Placemats = Subscriptions

Finally, the dishes which we put on the placemats (in the subscriptions), are what Azure calls resource groups. Just like dishes are used to put food on them, Azure resource groups are used to put Azure Resources inside them. Going one step further, nobody stops you from putting your main course and your desert on the same dish, but it feels yucky. Likewise, nobody prevents you from putting all your resources in the same resource group, but its strongly recommended to put the only resources that belong together, in the same resource group.

Any particular reason why I would prefer that restaurant over cooking at home?

Plenty! Let’s list a few:

  1. By leasing the restaurant’s tools, you can use whatever you need to cook your delicious meal, without having to buy those expensive kitchen appliances. You only pay for what you use, for the time you use it.
  2. Unsure what kind of knife you need? No worries! Azure will let you start with a basic all-around knife and when the steak becomes to hard to cut, you can scale up by getting a sharper knife (sharper in price as well though) or scale out, by using two knifes simultaneously! Cool, right? Again, you only pay for what you use, for the time you use it.
  3. Fancy some ravioli but only once? Well then buying a whole carton would leave you with so much leftover, while Azure can serve you as much ravioli as you need, that particular time. Translating this in software terms, no need to buy a big fat SQL license, as Azure lets you use a managed SQL instance where the license cost (for you use) is included.
  4. You love espresso and you consider buying an awesome Italian espresso machine at home?

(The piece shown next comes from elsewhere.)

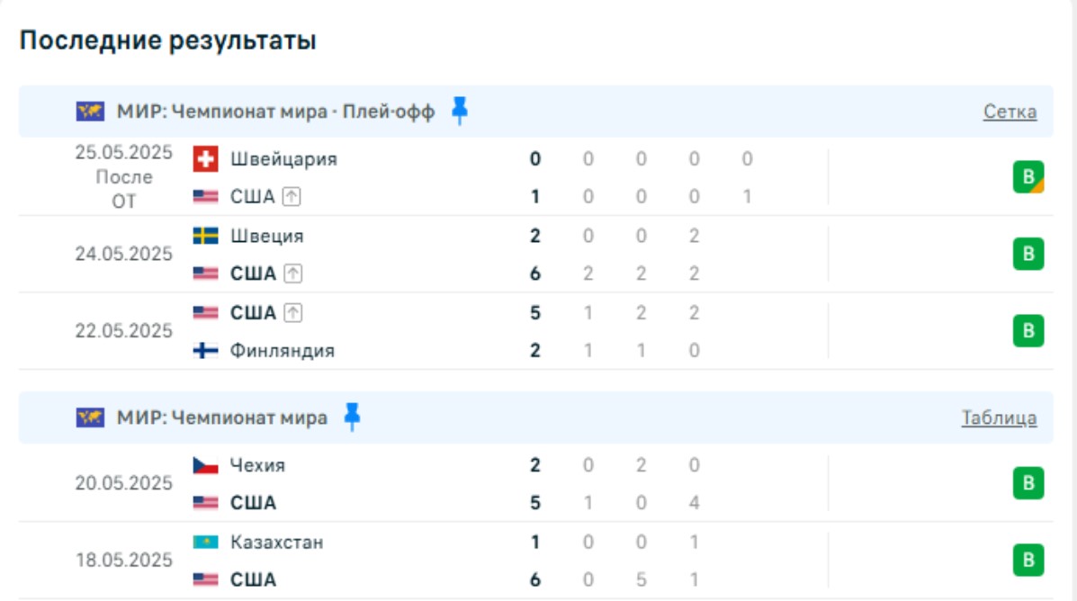 В предыдущий раз сборные пересекались на групповом этапе чемпионата мира 2024 года, американцы победили 6:3. В пользу сборной США закончились шесть предыдущих очных встреч, правда, дважды за этот период выиграть удавалось только в овертайме.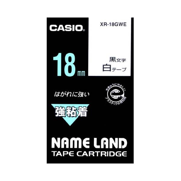カシオ計算機 強粘着テープ XR−18GWE 白に黒文字 18mm XR−18GWE

Sure, but can you cope with all the maintenance needed? Can you do all the cleaning & updating? Azure keeps all the machinery clean and shinny for you, so they save you that trouble. Again, in Software terms, Azure keeps their hardware secure and updated, saving us from the need of keeping our own hardware secured and updated.

Great but what does this restaurant sell?

Taking a look at the menu (Azure Marketplace) one can find a huge list of items, which can be categorized like this:

  1. Infrastructure-as-a-Service: Those dishes are big and heavy and you can put food that you brought with you! In the Azure world, this refers to virtual machines, networks, storage spaces, etc. In other words, you can lease some hardware, configure it to great extent and use it as a basis for your other resources.
  2. Platform-as-a-Service: You get a special dish, suitable for some kind of food. Do you want to eat soup? You get a deep dish!
  3. Software-as-a-Service: You get your meal ready to consume.

So where does the food come from?

Well, as mentioned Azure offers a number of ready meals, in the form of SaaS (Software-as-a-Service) products, but you are more than welcome to bring your own food (applications).

How is the food served?

Either you can serve it manually, by just deploying it or you can upload your recipe (source code) in a cookbook (repository). Then you can use some kind of product line (pipeline) which will cook (build & compile) your recipe and serve the food to you. Luckily Microsoft owns two cookbooks (Github & Azure DevOps) which are carefully integrated to Azure and offer you all the tools you need to cook & serve (build & deploy) the food (application) to your dish (Azure resource).

Last but not least, since this recipe-management became so popular, Azure allows us to write recipes (arm templates, bicep files, terraform etc.) which describe how the whole table setup should be. This kind of recipe, is called Infrastructure-as-Code and is equally useful as the food recipes as it allows describe exactly what the whole table should look like, and not only one specific meal (application).